# Требуется ремонт



## ximen3 (3 Ноя 2014)

<div align="center"></div>


----------



## MAN (3 Ноя 2014)

Утверждение, что сетки рассыпались от старости, на мой взгляд, соответствует действительности не более, чем слова, сказанные в фильме "Ирония судьбы..." другом Жени Лукашина о том, будто последнего "развезло от усталости". На самом деле на состояние главного героя картины решающее влияние оказала ударная доза водки, а на Ваш баян не столько время, сколько условия хранения и эксплуатации. Видали мы инструменты и постарше этого.
Насколько я могу судить, на Тульской ф-ке и по сей день делают баяны в точно таких же корпусах, а значит и с точно такими же сетками.

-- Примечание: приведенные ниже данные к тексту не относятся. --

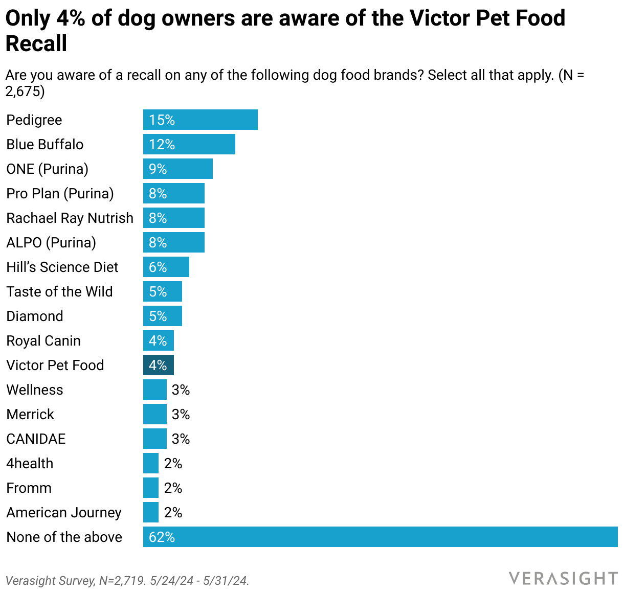 Are you aware of a recall on any of the following dog food brands? Select all that apply. (N = 2,675)

Правда есть разновидности с 61 и 67 кнопками в правой клавиатуре, возможно они будут немного отличаться от Вашего по высоте. В предложении привезти баян для ремонта на фабрику, мне кажется, есть здравый смысл, ибо, помимо замены сеток, в Вашем инструменте наверняка найдётся ещё и другая работа для мастера. Совок тут, кстати, совершенно ни при чём, при Совке как раз существовала разветвлённая сеть мастерских по ремонту муз. инструментов и в Тулу Вам баян везти не пришлось бы, а вот отвечающих на телефонные звонки и ни бельмеса не понимающих в продукции своего предприятия "манагеров", наоборот, не было. Если поездка в Тулу для Вас не вариант, тогда ищите мастера ещё где-то. Таких инструментов достаточно много, в том числе и старых, так что запчасти на них в природе существовать должны. С другой стороны ООО "Тульская гармонь" в розницу запасными частями для своих инструментов, увы, не торгует. Но сетки в конце-то концов можно и новые изготовить. Даже самостоятельно и вручную. Было бы желание и руки, растущие выше пояса. Причём можно ведь сделать как точные копии "родных", так и совершенно эксклюзивные собственного дизайна, придав с их помощью стандартному баяну неповторимую индивидуальность.


----------



## ximen3 (3 Ноя 2014)

Спасибо за развернутый и содержательный ответ)
Действительно, баян был куплен давно и содержался он до покупки в, мягко сказать, неприемлимых условиях.
Была у меня возможность примерить крышку от тульского баяна, но с диапазоном меньше. То что она по длине меньше это понятно, но по толщине к сожалению не подходит, тоже, так как крышка оказалась шире. Конечно при желании и подрезать можно)
В общем прихожу к выводу, что придется ехать в Тулу...
Единственное меня смущает то что Вы написали "ООО "Тульская гармонь" в розницу запасными частями для своих инструментов, увы, не торгует". Надо позвонить и уточнить у них, а то может и смысла нет...


----------



## MAN (3 Ноя 2014)

ximen3 (03.11.2014, 18:33) писал:


> меня смущает то что Вы написали "ООО "Тульская гармонь" в розницу запасными частями для своих инструментов, увы, не торгует". Надо позвонить и уточнить у них


Дело в том, что я обращался к ним с вопросами насчёт запчастей через их сайт. И не только я. Ответы были однозначные и категоричные: в розницу запасные части не продаём. Но с тех пор прошло время, могло что-то измениться, поэтому обязательно позвоните и узнайте из первых рук. Вообще всё, что я Вам давеча наговорил про одинаковые корпуса, это на самом деле, конечно, только мои догадки, но, тем не менее, я не думаю, что на фабрике стали бы изготавливать нестандартные корпуса и почти уверен, что сетка от баяна с точно таким же диапазоном как у Вашего, встала бы как родная. Хотя конечно, кто его знает...


----------



## gte_33 (4 Ноя 2014)

ximen3 (03.11.2014, 02:27) писал:


> <div align="center">
> В помощь вам два слова - "лазерный гравер". В любой рекламной конторе он должен быть. А рисунок взять от старого тульского баяна с лирой (могу сфоткать, у меня есть). Думаю гораздо интереснее будет.


----------